Scientific classification
- Kingdom: Animalia
- Phylum: Chordata
- Class: Amphibia
- Order: Urodela
- Family: Plethodontidae
- Genus: Plethodon
- Species: P. shenandoah
- Binomial name: Plethodon shenandoah Highton and Worthington, 1967
- Synonyms: Plethodon richmondi shenandoah Highton and Worthington, 1967

= Shenandoah salamander =

- Genus: Plethodon
- Species: shenandoah
- Authority: Highton and Worthington, 1967
- Conservation status: CR
- Synonyms: Plethodon richmondi shenandoah Highton and Worthington, 1967

Species of amphibian

The Shenandoah salamander (Plethodon shenandoah) is a small, terrestrial salamander found exclusively in Shenandoah National Park in Virginia. The Shenandoah salamander inhabits a very small range of land on just three mountain peaks. Due to the small habitat range, interspecies competition, and climate change, the population of the Shenandoah salamander is vulnerable to extinction. Mitigating human effects on the habitat of the species will be essential in attempting to preserve and grow the population.

== Description ==
The adult Shenandoah salamander is slender and moderate in size, with a total length of 3.5 to 4.5 inches (7 cm - 10 cm). The species has two distinct color phases: striped and unstriped. The striped color phase has a narrow stripe down the center of its back that can range in color from red to yellow, while the unstriped color phase is uniformly dark with occasional scattered brass-colored flecks. In both color phases, white or yellow spots occur along the sides of the body. The Shenandoah salamander is similar in appearance to the red-backed salamander (Plethodon cinereus). However, the two species can be distinguished in many ways. The stripe on the Shenandoah salamander takes up one-third of its dorsal area, while the stripe on the red-backed salamander is wider and takes up approximately two-thirds of the dorsal area. In addition, the Shenandoah salamander lacks the "salt and pepper" color pattern on its underside that is characteristic of P. cinereus, and has a slightly larger and more broadly rounded head. Shenandoah salamanders are members of the family Plethondontidae, the lungless salamanders that breathe through the surface of their skin. Due to the lack of lungs, successful respiration depends on the ability to maintain skin moisture, thus restricting body size and necessitating a moist environment such as forested areas. This species is chiefly nocturnal, hunting for food at night and taking cover in dark, damp locations like rock crevices and underneath logs during the day.

== Life history ==
Like most woodland salamanders, the Shenandoah salamander eats mites, flies, small beetles, springtails, and other soil invertebrates. No direct observation of predation of the Shenandoah salamander has ever been reported, but potential predators residing within the habitat of the Shenandoah salamander include ring-necked snakes, short-tailed shrews, brown thrashers, and towhees. The Shenandoah salamander's life history is not well understood, though adult salamanders have a high survival rate, some even reaching 25 years of age. Like many salamanders, the breeding season for the Shenandoah salamander occurs during late spring or summer. Female salamanders do not breed prior to 4 years of age and lay an average clutch size of 13 eggs every other year. Clutches are laid in areas of moisture and incubate for 1–3 months. Fertilization occurs internally and the entire developmental process takes place within the egg—there is no aquatic larval stage. For the duration of the incubation period, females guard the nest and do not forage.

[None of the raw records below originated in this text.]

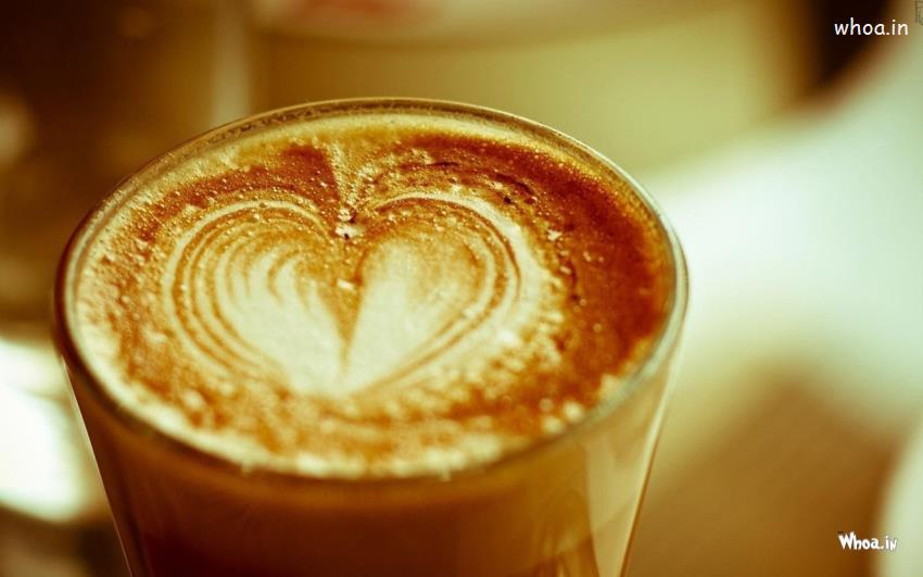 The glass with full of coffee with heart shaped cream to express the love to your beloved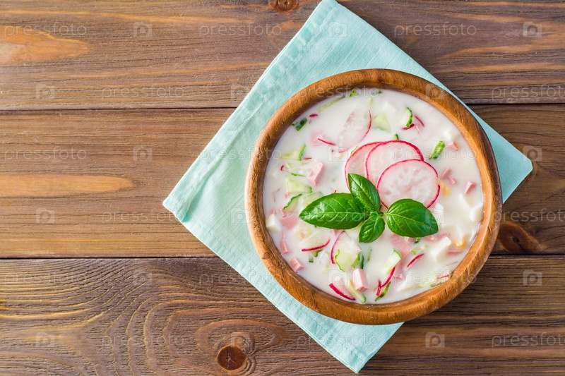 Национальное русское блюдо – окрошка. Холодный суп с овощами и зеленью на кефире. Деревенский стиль. Вид сверху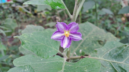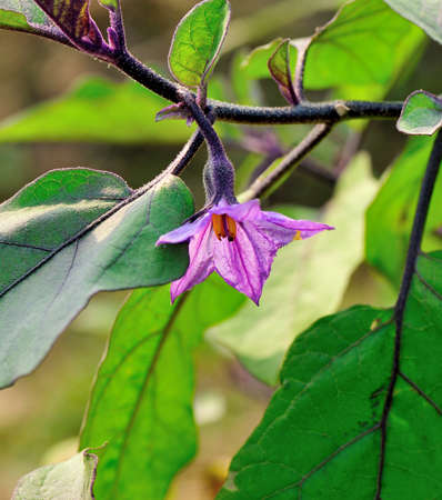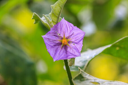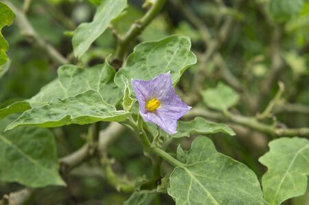 Eggplant blossom in the garden. (Scientific name: Solanum melongena)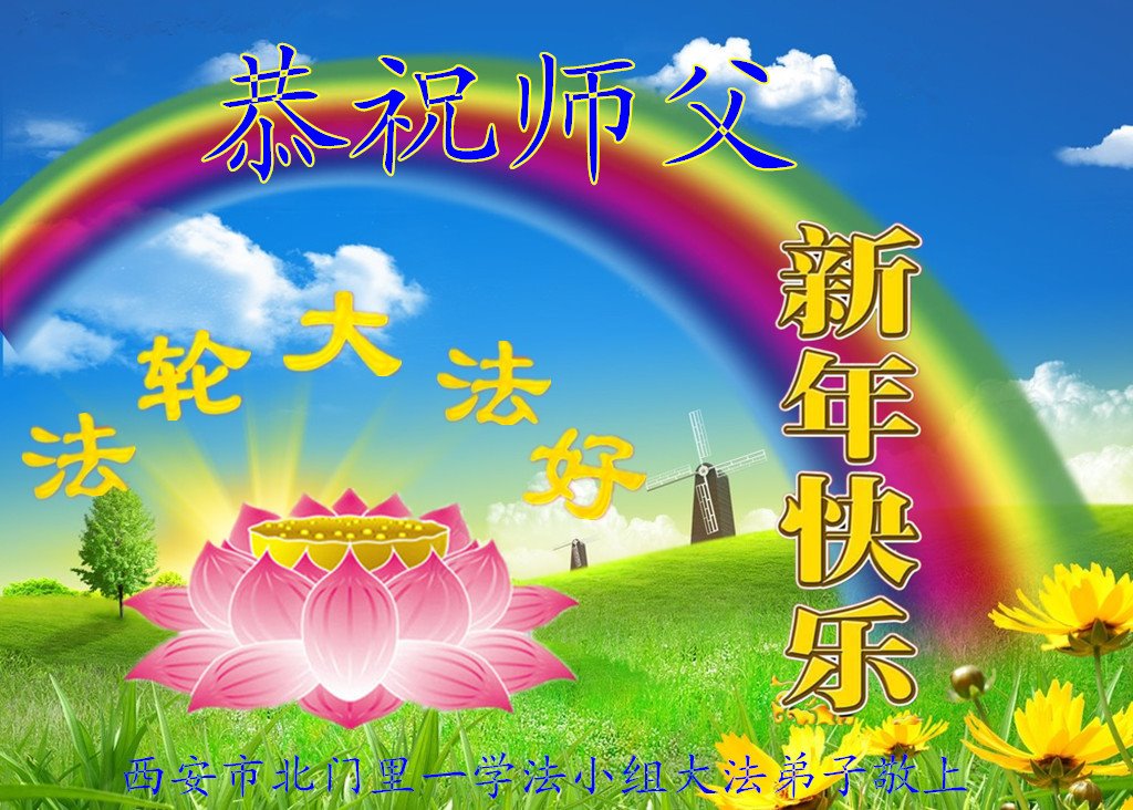 陕西省西安北门里一学法小组大法弟子恭祝师尊新年快乐!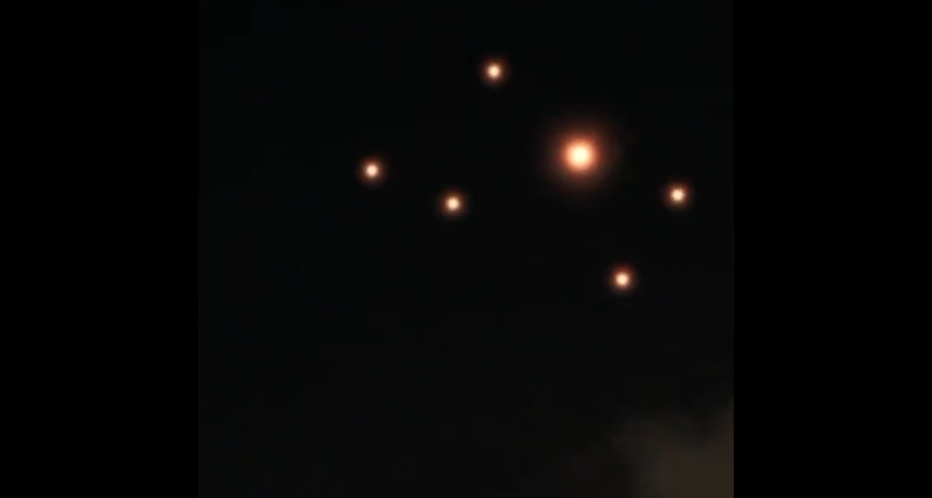 The videos showed a triangular formation of six mysterious lights hovering over the downtown Miami skyline.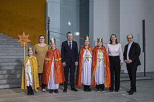 Die Sternsingerinnen und Sternsinger Mirja (11), Marie-Anne (14), Matthias (13) und Jan-Claus (13) sowie Begleiterin Kerstin Fenski aus der Pfarrgemeinde St. Annen in Berlin vertraten das Erzbistum Berlin am Dienstagnachmittag beim Sternsingerempfang zur 68. Aktion Dreikönigssingen im Bundeskanzleramt. Zum Gruppenfoto mit Thorsten Frei, Chef des Bundeskanzleramts, stellten sie sich gemeinsam auf mit Pfarrer Dirk Bingener, Präsident des Kindermissionswerks ‚Die Sternsinger‘, und Daniela Hottenbacher, Bundesvorsitzende des Bundes der Deutschen Katholischen Jugend (BDKJ). Foto: Mika Väisänen / Kindermissionswerk

All salamanders, including the Shenandoah salamander, have an important impact on ecosystem functions. Salamanders regulate population dynamics via predation of insects and other invertebrates, aerate the soil through burrowing behavior, and influence large-scale processes such as decomposition.

== Distribution ==

=== Habitat range ===
The Shenandoah salamander species is believed to have originated in the Appalachians of eastern North America, though the historical abundance of this species is unknown. Currently, Shenandoah salamanders are exclusively found on the north-facing talus slopes of three mountains within the Shenandoah National Park in Virginia: Hawksbill, The Pinnacles, and Stony Man (see range map). Each of the three talus slopes houses an isolated salamander population residing at approximately 3,000 feet above sea level. The talus slopes are typically dry, so the Shenandoah salamander is generally found within moist microhabitats scattered throughout the talus environment. Although the dry talus slopes are not optimal, the Shenandoah salamander is excluded from optimal forested areas containing deep, moist soil due to competition with the red-backed salamander.

=== Population size ===
Based on data from 2008/2009 there was a population estimate between 110,262 and 140,625, but current population trends and estimates cannot be established until surveys with marked animals are conducted.

== Major threats ==

=== Red-backed salamander ===
The Shenandoah salamander species is threatened by competition by the aggressive red-backed salamander, which restricts the Shenandoah salamander to dry, sub-optimal talus environments and prevents Shenandoah salamander populations from expanding into heavily forested areas. Furthermore, the talus habitat of the Shenandoah salamander is in a state of disintegration due to erosion. Eventually, this weathering will result in soil formation and a subsequent increase in moisture, thus making the talus environment suitable for red-backed salamander invasion and increasing the possibility of extinction of the Shenandoah salamander species

Both laboratory and field experiments have provided evidence of the red-backed salamander's aggressive, territorial behavior toward the Shenandoah salamander. The two species compete for large cover objects that provide cool temperatures and high moisture levels, but the territoriality of P. cinereus results in competitive exclusion of the Shenandoah salamander from moist soil environments. As a result, the Shenandoah salamander, which has a higher tolerance for dry conditions, is restricted to the talus slope environments in which the red-backed salamander cannot survive.

=== Invasive species ===
Invasive insect species in the Shenandoah National Park, namely the gypsy moth (Lymantria dispar dispar) and the hemlock woolly adelgid (Adelges tsugae), also threaten the survival of the Shenandoah salamander. Gypsy moth larvae feed on tree leaves, resulting in widespread defoliation and tree mortality. This loss of overstory dramatically alters the Shenandoah salamander habitat, reducing the ground moisture and potentially altering the Shenandoah salamander's ability to catch prey. Hemlock woolly adelgids are a major cause of hemlock tree mortality within Shenandoah National Park, contributing to overstory loss and talus slope habitat dehydration. In addition, hemlock mortality increases the amount of hemlock needles in the soil, which lowers the pH of the soil. Acid deposition due to acid rain and/or air pollution also contributes to soil acidification and has been well-documented in Shenandoah National Park. Although the direct effects of soil acidification on the Shenandoah salamander have not been documented, studies have shown that amphibians are extremely vulnerable to this process. These results suggest that soil acidification within the Shenandoah salamander habitat could reduce reproduction, affect food supply, lower egg hatchability, and increase newborn salamander mortality.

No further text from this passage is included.